The Snake

On a warm afternoon, in the shade of a palm,
Speckled with the sun’s golden light,
The companions stood behind their Imam,
The Prophet of God, dressed in white.

The journey was ending and home was near,
Near enough to long for its joys;
As the second salaam sealed the prayer,
The Prophet smiled, and looked for the boys.

How strong was their stand when they had been told
By their father and mother to forgo the ride;
The command only tightened their hold,
Determined to remain by their grandfather’s side.

Thus were the two little darlings counted
Among this group leaving their ground,
The horses were saddled, the camels mounted;
But not one trace of the boys was found.

Now let us visit our two little friends
Who wandered away, away from camp
Into the desert where the sun descends
Over the sands like a crimson lamp.

Down a dune they rolled and leapt
And wrestled playfully each other,
While nearby a someone crept,
Unknown to Hassan and his brother.

The snake, she started from her rest
And spanned her length towards the boys
To vehemently stage protest
With all the strength a snake employs.

The children’s eyes went wide with fear
They clutched each other, set to bound,
But stopped to see the snake so near,
And that was when they looked around.

They sobbed aloud, their tears flowing
And darkening the twilit day,
The snake inched forward, not knowing
What sense to make of this display.

Back with the Prophet and his company:
They searched everywhere, yet could not find
A clue as to where the children might be,
Despite their frantic efforts combined.

The Prophet looked up at the darkening sky,
Then down at the earth respectfully,
And taking the name of his Lord most high,
He bid it show what he wished to see.

And the earth did respond to his blessed request,
For to his good eye, the desert sand shifted,
Till the land was flat with its dunes depressed,
And the boys far and low were near, lifted.

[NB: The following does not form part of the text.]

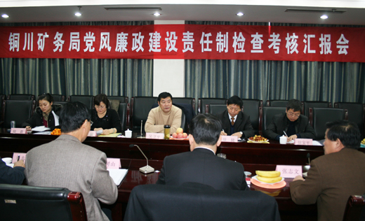 當天上午,由吳衛(wèi)平書記主持,在煤業(yè)賓館三號樓二樓會議室召開了檢查考核匯報會。會上,局黨委書記杜樹山首先簡要介紹了我局09年以來的工作總體情況,局黨委副書記、紀委書記張志文代表局黨政就局黨政領導班子2009年落實黨風廉政建設責任制情況作了專題匯報。匯報會后,考核組還分頭查看了我局有關執(zhí)行黨風廉政建設責任制目標、任務和措施的落實情況及相關資料,召開了職工代表座談會,聽取職工的意見、建議,并進行了民主測評。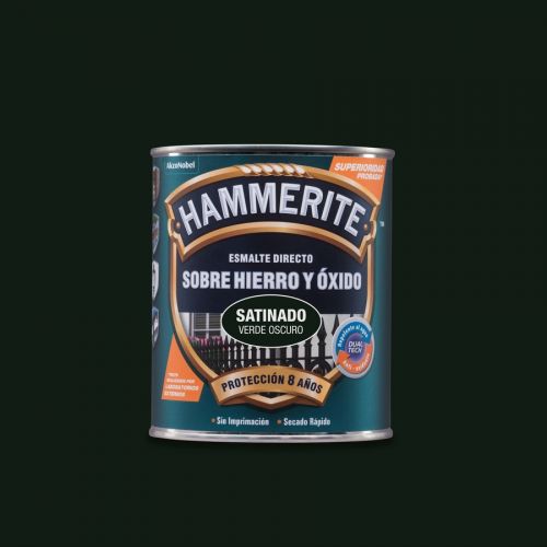 Hammerite acabado Liso Satinado es un esmalte antioxidante que se aplica directamente sobre hierro y oxido, indicado para la protección del metal de la corrosión y el óxido. Antioxidante recomendado para todo tipo de superficies de hierro y acero en exterior. Su exclusiva tecnología Dual Tech, impide la entrada de la humedad y bloquea el proceso de oxidación. Su fórmula 3 en 1, actúa como imprimación, fondo protector y acabado decorativo en un solo producto. La garantía de Hammerite es de 8 años de protección óptima contra la corrosión y el óxido. Ideal para muebles, rejas, barandillas y otros objetos de hierro ubicados en el exterior. Secado al tacto 1h, repintado 4h.

Their crying had grown louder and louder,
Causing the reptile ready itself,
To strike; but then a sensation cowed her
Pinning her down to the sandy shelf.

A fragrant scent filled the air
That wrapped the boys in hope and strength;
They turned their heads with the greatest care:
Their grandfather at a hand’s length.

The Prophet motioned them to stay,
And stepped toward the confounded snake,
“Leave my grandsons and be on your way”.
And she vanished for the Prophet’s sake.

The children cheered, and jumped and flew
To hold and kiss the Prophet’s face,
And he in turn did kiss them too,
Then thanked the Lord for His grace.

This is where our story runs dry,
So moisten your eye and send down a rain
Of prayers and blessings of God most high
Upon the Prophet, Hassan, and Husayn.